> [TASK DETAILS] Would you retype exactly the lines below, starting with the one that has "活动开始前,大家先进行了自我" and going on through the one that has "สำนักงานคณะกรรมการกำกับกิจการพลังงาน (สำนักงาน กกพ.)", with no pictures and nothing else?

> [RECORD EXTRACTS]
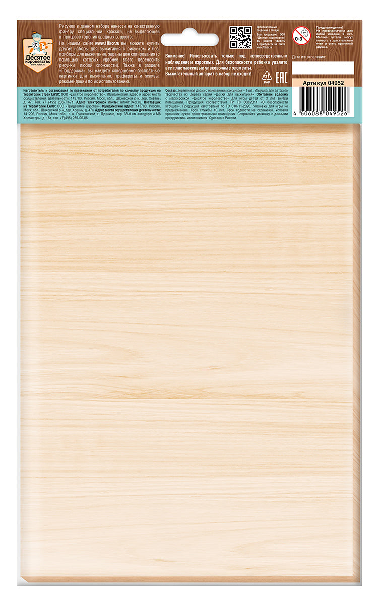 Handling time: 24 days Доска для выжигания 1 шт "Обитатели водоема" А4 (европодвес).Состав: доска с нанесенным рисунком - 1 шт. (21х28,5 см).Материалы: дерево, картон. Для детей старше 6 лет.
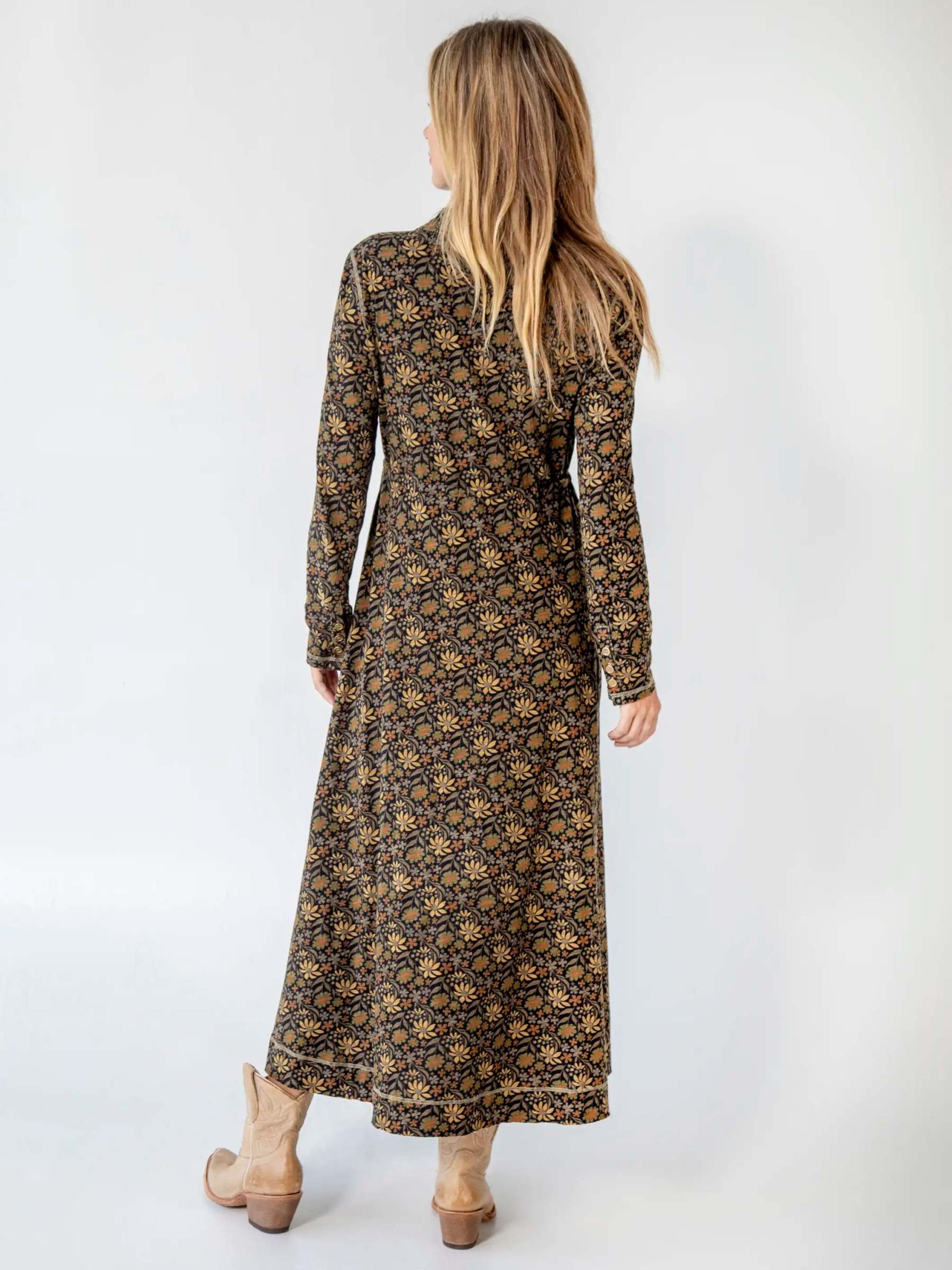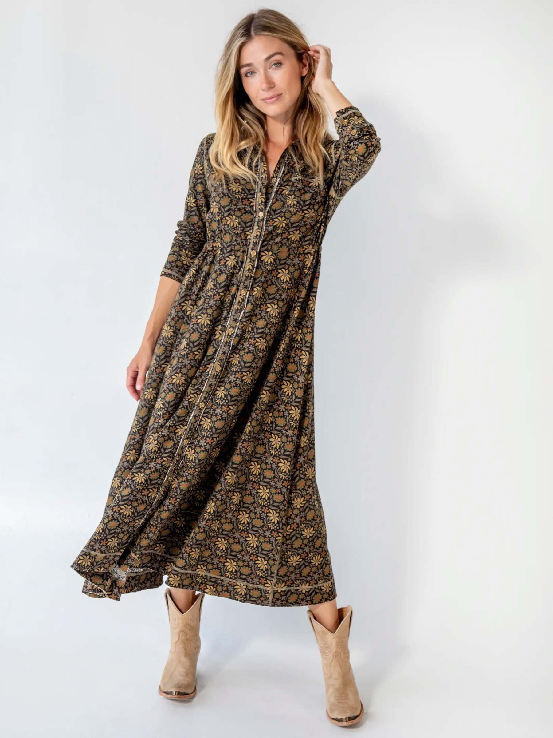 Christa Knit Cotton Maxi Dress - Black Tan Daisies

--

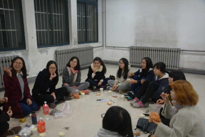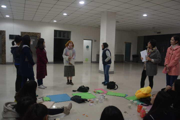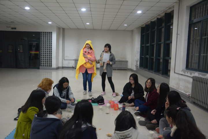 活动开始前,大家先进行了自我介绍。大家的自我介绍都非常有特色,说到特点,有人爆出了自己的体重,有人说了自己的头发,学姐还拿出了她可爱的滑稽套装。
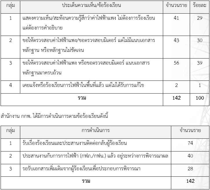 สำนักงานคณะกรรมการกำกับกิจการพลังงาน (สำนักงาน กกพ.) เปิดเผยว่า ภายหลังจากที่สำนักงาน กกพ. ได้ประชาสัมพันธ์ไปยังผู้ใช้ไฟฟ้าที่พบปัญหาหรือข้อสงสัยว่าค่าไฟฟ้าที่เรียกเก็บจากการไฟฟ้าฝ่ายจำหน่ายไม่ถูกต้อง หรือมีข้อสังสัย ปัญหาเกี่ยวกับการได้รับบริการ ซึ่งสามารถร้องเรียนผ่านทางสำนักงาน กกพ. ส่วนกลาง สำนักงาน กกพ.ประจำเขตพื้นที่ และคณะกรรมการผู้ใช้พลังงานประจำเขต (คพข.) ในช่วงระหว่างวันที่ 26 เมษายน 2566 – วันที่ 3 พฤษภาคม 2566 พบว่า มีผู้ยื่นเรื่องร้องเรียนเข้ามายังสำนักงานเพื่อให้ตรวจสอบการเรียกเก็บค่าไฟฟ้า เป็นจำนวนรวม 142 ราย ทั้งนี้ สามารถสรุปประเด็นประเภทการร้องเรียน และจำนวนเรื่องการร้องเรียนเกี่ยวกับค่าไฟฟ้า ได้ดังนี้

> [ANSWER TO THIS PROBLEM]
 活动开始前,大家先进行了自我介绍。大家的自我介绍都非常有特色,说到特点,有人爆出了自己的体重,有人说了自己的头发,学姐还拿出了她可爱的滑稽套装。
 สำนักงานคณะกรรมการกำกับกิจการพลังงาน (สำนักงาน กกพ.) เปิดเผยว่า ภายหลังจากที่สำนักงาน กกพ. ได้ประชาสัมพันธ์ไปยังผู้ใช้ไฟฟ้าที่พบปัญหาหรือข้อสงสัยว่าค่าไฟฟ้าที่เรียกเก็บจากการไฟฟ้าฝ่ายจำหน่ายไม่ถูกต้อง หรือมีข้อสังสัย ปัญหาเกี่ยวกับการได้รับบริการ ซึ่งสามารถร้องเรียนผ่านทางสำนักงาน กกพ. ส่วนกลาง สำนักงาน กกพ.ประจำเขตพื้นที่ และคณะกรรมการผู้ใช้พลังงานประจำเขต (คพข.) ในช่วงระหว่างวันที่ 26 เมษายน 2566 – วันที่ 3 พฤษภาคม 2566 พบว่า มีผู้ยื่นเรื่องร้องเรียนเข้ามายังสำนักงานเพื่อให้ตรวจสอบการเรียกเก็บค่าไฟฟ้า เป็นจำนวนรวม 142 ราย ทั้งนี้ สามารถสรุปประเด็นประเภทการร้องเรียน และจำนวนเรื่องการร้องเรียนเกี่ยวกับค่าไฟฟ้า ได้ดังนี้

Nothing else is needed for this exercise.